Coming back from Singapore to India, I ran smack into a reminder of how efficient Singapore is and how far India has to go to catch up. This blog has nothing to do with photography per se, but everything to do with culture, progress, social change, etc. If that is of interest, read on. If not join me again in a few days.
When I flew to Singapore, I was notified at the Indian immigration counter as I left India that a new regulation was in effect and people on a tourist visa (like me) needed to be out of India for more than two months before returning. I pointed out that I was going to Singapore for just one week to teach, then coming right back to India and the new rule would present a problem. The immigration officer told me that trips to Singapore were exempted. Since many Indians travel to Singapore, and I wanted to believe him, I took him at his word.

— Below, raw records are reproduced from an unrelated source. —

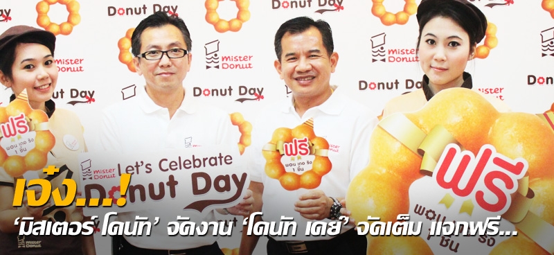 เมื่อ นายสุชีพ ธรรมาชีพเจริญ รองกรรมการผู้จัดการใหญ่ - ปฏิบัติการ บริษัท เซ็นทรัล เรสตอรองส์ กรุ๊ป จำกัด และนายกันตภณ ศรีสุวรรณ ผู้จัดการทั่วไป “มิสเตอร์ โดนัท” ออกมาเชิญทุกคนร่วมเฉลิมฉลอง “โดนัท เดย์” ซึ่งจัดแจกต่อเนื่องมาเป็นปีที่ 3 แจกฟรี พอน เดอริง ทั่วประเทศ ปีนี้ตรงกับวันศุกร์ที่ 1 มิถุนายน ศกนี้ เวลา 16.00 น. เป็นต้นไป
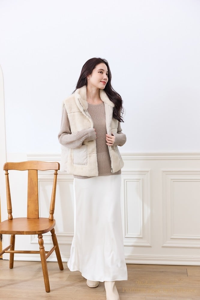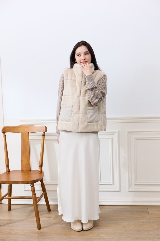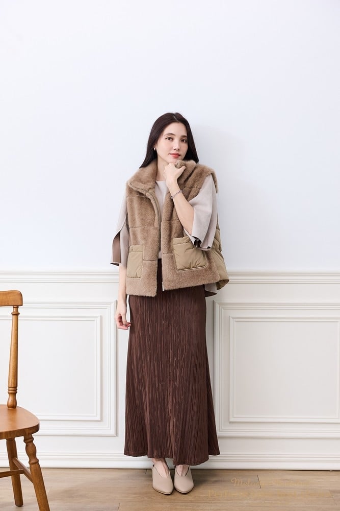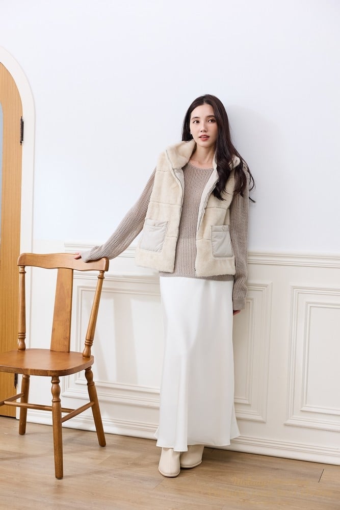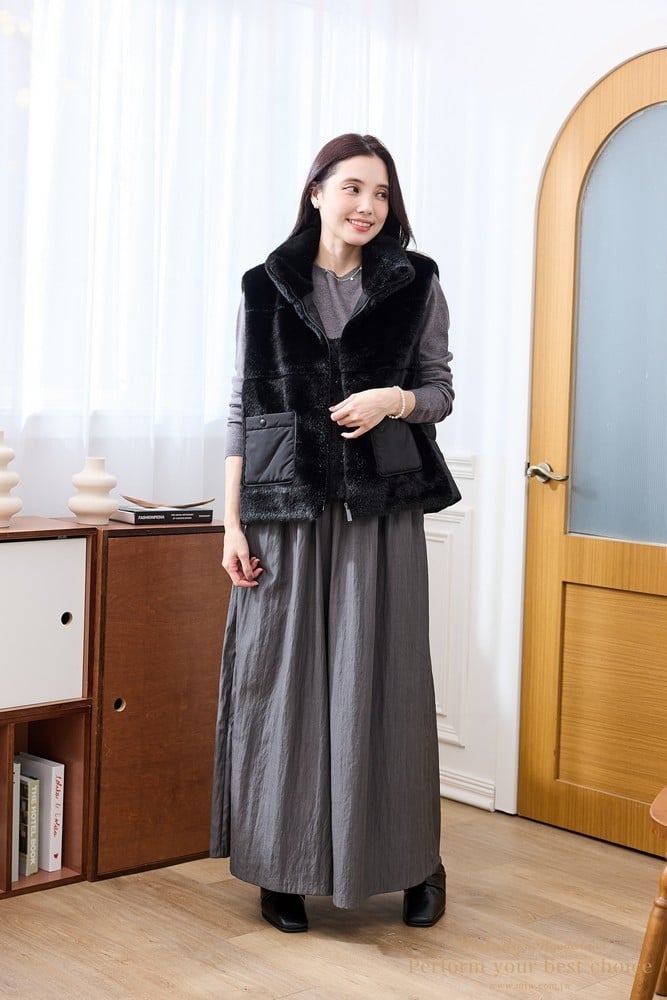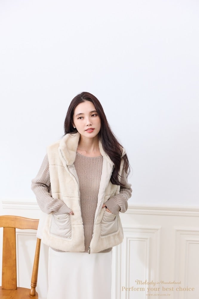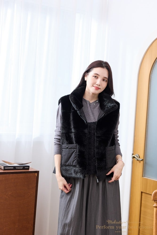 2511-089 貴氣毛海拼接羽絨拉鍊背心(3色)
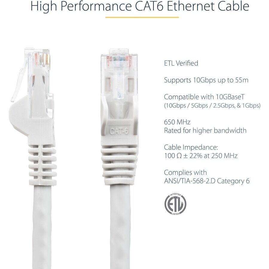 StarTech.com 2m CAT6 Ethernet Cable - White Snagless Gigabit - 100W PoE UTP 650MHz Category 6 Patch Cord UL Certified Wiring/TIA - First End: 1 x RJ-45 Network - Male - Second End: 1 x RJ-45 Network - Male - 6 Gbit/s - Patch Cable - Gold Plated Contact - 24 AWG - White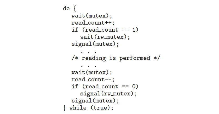 이 해결 방법에는 한 가지 문제점이 존재하는데, 바로 writer가 기아 현상(starvation)을 겪을 수 있다는 점이다. read_count == 0 일 때만 signal(rw_mutex)가 수행되어 대기하고 있던 writer가 수행할 수 있다. 첫 번째 reader(read_count == 1)가 wait(rw_mutex)를 통과하면, 다른 reader들은 writer에 관계없이 계속 진입할 수 있는 구조이다. 여러 reader들이 계속 진입할 경우 read_count == 0 이 더이상 성립하지 않을 수 있고 그러면 writer는 WRITE를 수행할 수 없게 된다.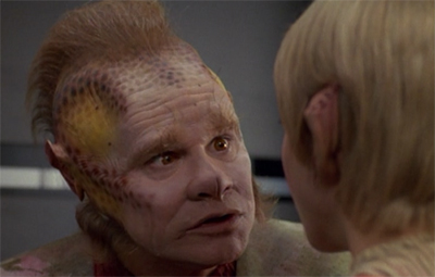 Still, it’s hard to sympathise with Neelix when he spends a significant portion of the episode making crass insinuations about Kes’ relationships with the other men on the ship. “How do you know where everyone’s quarters are?” he asks. When she assures him that she “just” remembers, Neelix is less than convinced. “Remember from what? Have you been in all their quarters?” When she mentions another man by name, he practically jumps down her throat.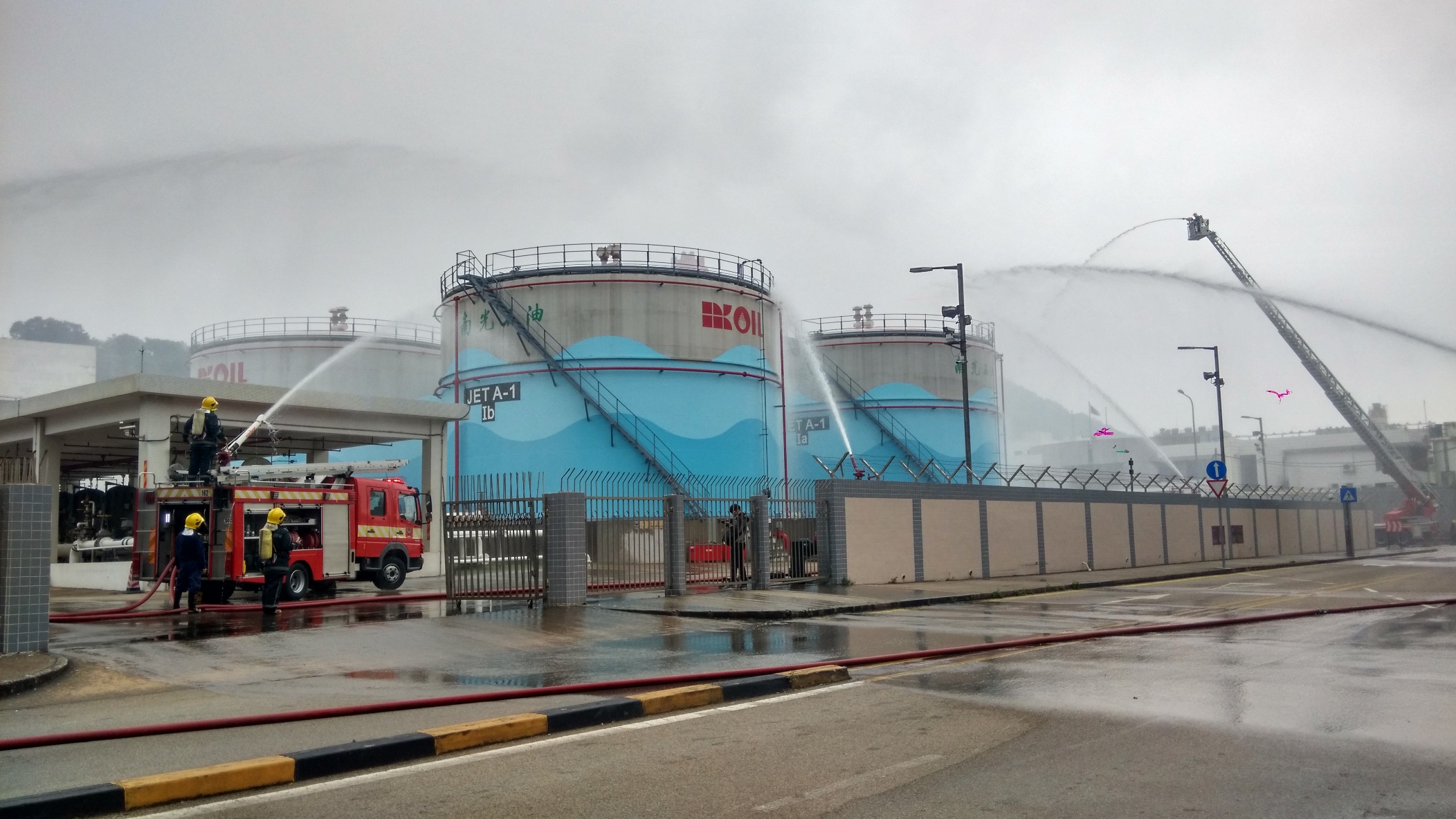 O exercício “Fire in the Fuel Farm” decorreu entre as 1430 e as 1530. O cenário criado envolveu a deflagração de um incêndio num dos tanques de combustível devido a electricidade estática. A Nam Kwong Petroleum & Chemicals Co. Ltd., empresa fornecedora dos combustíveis, imediatamente activou os sistemas de segurança operacional de acordo com o plano interno de emergência, incluindo a evacuação das viaturas estacionadas nas instalações. As entidades envolvidas neste tipo de ocorrência foram imediatamente alertadas de acordo com o Plano de Emergência do Aeroporto. Os meios de combate a incêndios do aeroporto acorreram ao local e, embora não se tivessem registado vítimas, os meios adicionais do Corpo de Bombeiros foram solicitados a intervir. Os trabalhadores das instalações aeroportuárias localizadas nas imediações foram evacuados, considerando o elevado risco de extensão da área abrangida pelo incidente.

Sure enough, as I was trying to leave Singapore for India, the airline staff at the check-in counter reminded me of the regulation. After many phone calls to the Indian High Commission (the equivalent of the embassy,) I learned that the immigration officer in India had simply lied to me. He probably did that out of some weird Indian version of politeness where no one likes to actually say “NO.” The airline staff in Singapore was remarkably helpful and quite used to dealing with people tripped up by this very new regulation. They booked me on the next day’s flight and told me how to get the required permission from the Indian High Commission in Singapore.
I showed up at that office early the next morning, having stayed in Singapore one night longer than originally planned, to secure the requisite permissions. The system at the Indian High Commission in Singapore was unbelievably efficient and organized. I was in and out in less than thirty minutes. The staff of Indians working there was uniformly helpful, thorough and pleasant. I headed back to India annoyed at the man who had led me astray, but pleased at how well things had played out despite the one hitch.

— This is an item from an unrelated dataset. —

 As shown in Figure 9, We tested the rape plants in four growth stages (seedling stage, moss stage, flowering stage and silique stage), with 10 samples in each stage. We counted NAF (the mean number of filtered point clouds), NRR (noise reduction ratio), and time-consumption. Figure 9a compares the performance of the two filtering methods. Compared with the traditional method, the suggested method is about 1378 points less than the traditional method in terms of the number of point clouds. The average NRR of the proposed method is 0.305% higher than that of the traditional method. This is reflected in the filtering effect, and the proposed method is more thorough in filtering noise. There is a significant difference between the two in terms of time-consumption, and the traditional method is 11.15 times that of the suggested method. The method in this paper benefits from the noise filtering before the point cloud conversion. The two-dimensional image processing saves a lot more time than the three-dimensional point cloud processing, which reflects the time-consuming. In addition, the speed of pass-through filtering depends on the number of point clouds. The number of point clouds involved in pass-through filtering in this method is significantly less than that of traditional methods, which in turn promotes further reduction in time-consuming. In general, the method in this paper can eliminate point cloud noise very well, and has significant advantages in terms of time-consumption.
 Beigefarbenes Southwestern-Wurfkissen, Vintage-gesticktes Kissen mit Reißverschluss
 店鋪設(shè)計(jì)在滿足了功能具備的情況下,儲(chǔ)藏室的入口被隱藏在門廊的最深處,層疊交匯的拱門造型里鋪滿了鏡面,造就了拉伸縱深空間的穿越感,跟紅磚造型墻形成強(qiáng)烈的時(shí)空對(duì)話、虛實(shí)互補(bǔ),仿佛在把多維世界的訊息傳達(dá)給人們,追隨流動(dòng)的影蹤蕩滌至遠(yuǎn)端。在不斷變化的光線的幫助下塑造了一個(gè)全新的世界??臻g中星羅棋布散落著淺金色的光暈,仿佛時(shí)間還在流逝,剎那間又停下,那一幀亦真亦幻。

Upon landing in India I was taken aside at immigration and reminded that I must register with the Foreigners Regional Registration Office within fourteen days. In all my previous visits to India, the regulation that was mostly enforced in terms of foreigners was the one that said we needed to register with the FRRO if we were staying in India MORE than six months. For the ex-patriots living in India who I spoke with in the past, the common way around that rule (and the requisite trip into FRRO bureaucracy) was to leave India for elsewhere in Asia for a week or two. This new regulation was obviously going to put a stop to that approach.

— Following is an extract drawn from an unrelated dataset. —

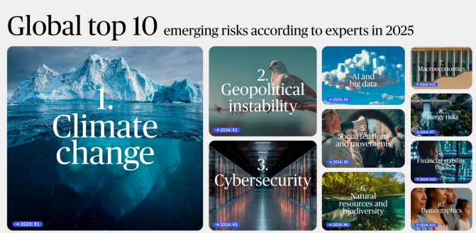 Y, como todos los años, este informe publica el ranking de los principales riesgos emergentes según la visión de los expertos. Y, por este orden, estos son los 10 riesgos que más están impactando en 2025: cambio climático, inestabilidad geopolítica, ciberseguridad, IA y big data, tensiones sociales, recursos naturales y biodiversidad, macroeconomía, riesgos energéticos, estabilidad financiera y demografía.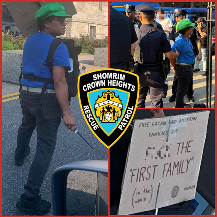 A visibly Jewish man’s car tires were slashed near Grand Army Plaza during a protest. The suspect, carrying anti-Israel signs and two knives, was arrested through coordinated efforts by Crown Heights Shomrim and the NYPD. The incident occurred as the man drove past the protest. No additional details on the suspect’s identity or specific charges were released. The arrest followed swift community and law enforcement response.

So, despite numerous trips to India, none of which involved a trip to the FRRO, I ended up there snaking my way through the bureaucracy. I wasted a better part of an hour on one day, just finding out what forms I needed. With the long list of required items I went back home to print out airplane tickets, photocopy pages in my passport and write the obligatory letters seeking the required permission.
With all my papers in hand, including duplicate copies just in case, I arrived at the FRRO at 9:30 am, to be in line when they opened at 10 am. In no great act of surprise, fifty people were already there! Three and a half hours later, after fighting my way through numerous lines, I had a receipt saying that I could return and get the actual paperwork that afternoon after 4:30 pm. I returned to the FRRO at 4 pm and was out of the gate, paper in hand, by 5 pm.
In India, I wasted the better part of a day (four and a half hours, not counting travel time) to get one certificate, so I could leave that country. In Singapore, the exact same government gave me similar permission in just half an hour.
Normally, I would never compare a Singaporean government office to an Indian government office. It simply would not be fair. But in this case, both offices were extensions of the same Indian government, operated by people from the same culture.
In Singapore they had a job to do and worked hard to keep me moving forward to get what I needed. In Bangalore, the job of the bureaucrats that I encountered seemed to be the opposite, to throw obstacles in the way of who ever came their way. I was fortunate that my paperwork was in perfect order. I saw numerous folks banished to another day of waiting for lack of one small stamp, signature or slip of paper.
For me, the whole experience ended up being that rare thing, a perfect apples to apples comparison. I was drawn back to the definition of culture as “learned behavior patterns” reminding me that above all else, culture is what shapes human behavior for better or for worse.
The important point is that in both places, Indian workers, employed by the same Indian government performed approximately the same job. Roughly the same people (all Indians) did largely the same work using polar opposite strategies. The collective culture of Singapore made for efficiency and the culture of India made for bureaucracy. If the Indians are serious about moving up the economic ladder, my experience reminded me just how far they still have to go.